This is the subquery table that we will be counting from whether or not there were whole album purchases

In [69]:
%%sql

with 
invoice_table as(
    select
        i.invoice_id, 
        i.total,
        il.invoice_line_id, 
        il.track_id, 
        a.album_id, 
        count(distinct il.track_id) as track_count_iv
    from invoice i
        inner join invoice_line il on il.invoice_id = i.invoice_id
        inner join track t on t.track_id = il.track_id
        inner join album a on a.album_id = t.album_id
group by i.invoice_id
),

albums_table as(
    select
        a.album_id,
        count(t.track_id) as track_count_at

    from album a
        left join track t on a.album_id = t.album_id

group by a.album_id
)

select 
    count(sub.whole_album) as invoices,
    sum(sub.whole_album) as album_purchases,
    round(cast(sum(sub.whole_album) as float)/count(sub.whole_album),3) as Whole_Albums, 
    round(1-cast(sum(sub.whole_album) as float)/count(sub.whole_album),3) as Singles 

from(
    select 
        it.*, 
        at.track_count_at, 
        case 
            when it.track_count_iv = at.track_count_at then 1
            else 0
        end as whole_album

    from invoice_table it
    inner join albums_table at on at.album_id = it.album_id
) as sub


Done.


invoices,album_purchases,Whole_Albums,Singles
614,123,0.2,0.8


In [70]:
%%sql

with 
invoice_table as(
    select
        i.invoice_id, 
        i.total,
        il.invoice_line_id, 
        il.track_id, 
        a.album_id, 
        count(distinct il.track_id) as track_count_iv
    from invoice i
        inner join invoice_line il on il.invoice_id = i.invoice_id
        inner join track t on t.track_id = il.track_id
        inner join album a on a.album_id = t.album_id
group by i.invoice_id, a.album_id
),

albums_table as(
    select
        a.album_id,
        count(t.track_id) as track_count_at

    from album a
        left join track t on a.album_id = t.album_id

group by a.album_id
)

select *
from(
    select 
        it.*, 
        at.track_count_at, 
        case 
            when it.track_count_iv = at.track_count_at then 1
            else 0
        end as whole_album

    from invoice_table it
    inner join albums_table at on at.album_id = it.album_id
) as sub

limit 25


Done.


invoice_id,total,invoice_line_id,track_id,album_id,track_count_iv,track_count_at,whole_album
1,15.84,16,1173,91,16,16,1
2,9.9,23,201,20,1,11,0
2,9.9,25,392,34,1,17,0
2,9.9,18,482,39,1,21,0
2,9.9,24,819,66,1,10,0
2,9.9,21,1119,73,1,30,0
2,9.9,20,1641,134,1,10,0
2,9.9,22,2324,190,1,16,0
2,9.9,26,2651,215,1,14,0
2,9.9,19,2701,218,1,15,0


This new table now groups by invoice ID and then by album id.

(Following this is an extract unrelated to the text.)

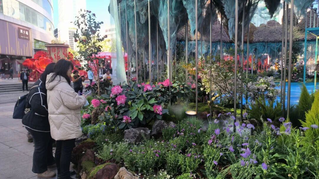 2月11日,一座9.9米高、占地2000平方米的“观山观水观春城”花雕正式在南屏步行街亮相,三层山峰叠翠+碧水环绕,搭配光影装置和缤纷花卉,远观气势恢宏、近赏细节精致,还能互动打卡,妥妥的新年网红地标,很快就吸引众多市民驻足围观,拍照观赏。

This lists all of the combinations of invoices with albums and accounts for those purchases of albums that are only one single in length. As you can see, we now also count single song albums that are part of a larger set of song purchases within one invoice. This should increase the number of album purchases

In [68]:
%%sql

with 
invoice_table as(
    select
        i.invoice_id, 
        i.total,
        il.invoice_line_id, 
        il.track_id, 
        a.album_id, 
        count(distinct il.track_id) as track_count_iv
    from invoice i
        inner join invoice_line il on il.invoice_id = i.invoice_id
        inner join track t on t.track_id = il.track_id
        inner join album a on a.album_id = t.album_id
group by i.invoice_id, a.album_id
),

albums_table as(
    select
        a.album_id,
        count(t.track_id) as track_count_at

    from album a
        left join track t on a.album_id = t.album_id

group by a.album_id
)

select 
    count(distinct sub.invoice_id) as invoices, 
    sum(sub.whole_album) as album_purchases,
    round(cast(sum(sub.whole_album) as float)/count(distinct sub.invoice_id),3) as Whole_Albums, 
    round(1-cast(sum(sub.whole_album) as float)/count(distinct sub.invoice_id),3) as Singles 
from(
    select 
        it.*, 
        at.track_count_at, 
        case 
            when it.track_count_iv = at.track_count_at then 1
            else 0
        end as whole_album

    from invoice_table it
    inner join albums_table at on at.album_id = it.album_id
) as sub


Done.


invoices,album_purchases,Whole_Albums,Singles
614,208,0.339,0.661


After accounting for those 1 song albums, it seems that the number of whole album purchases almost doubled. However despite this drastic change, it may not change the recommendation above for two reasons:

1. The single song purchases still claim a majority of the invoices
2. The purchase of a single song album may not be considered the same "purchase" as buying a multisong album due to the length differences of the album. It does not tell the music shop whether or not customers prefer buying artist's songs in bulk or piecemeal which is the root question, instead it actually confounds it. Customers may prefer buying songs in bulk and would have bought this album regardless of length or customers may prefer buying piecemeal and got lucky with a short album

In [59]:
%%sql

with 
invoice_table as(
    select
        i.invoice_id, 
        i.total,
        il.invoice_line_id, 
        il.track_id, 
        a.album_id, 
        count(distinct il.track_id) as track_count_iv
    from invoice i
        inner join invoice_line il on il.invoice_id = i.invoice_id
        inner join track t on t.track_id = il.track_id
        inner join album a on a.album_id = t.album_id
group by i.invoice_id, a.album_id
),

albums_table as(
    select
        a.album_id,
        count(t.track_id) as track_count_at

    from album a
        left join track t on a.album_id = t.album_id

group by a.album_id
)

select 
    sum(sub.whole_album),
    count(distinct sub.whole_album) as Whole_Albums
from(
    select 
        it.*, 
        at.track_count_at, 
        case 
            when it.track_count_iv = at.track_count_at then 1
            else 0
        end as whole_album

    from invoice_table it
    inner join albums_table at on at.album_id = it.album_id
) as sub


Done.


sum(sub.whole_album),Whole_Albums
208,2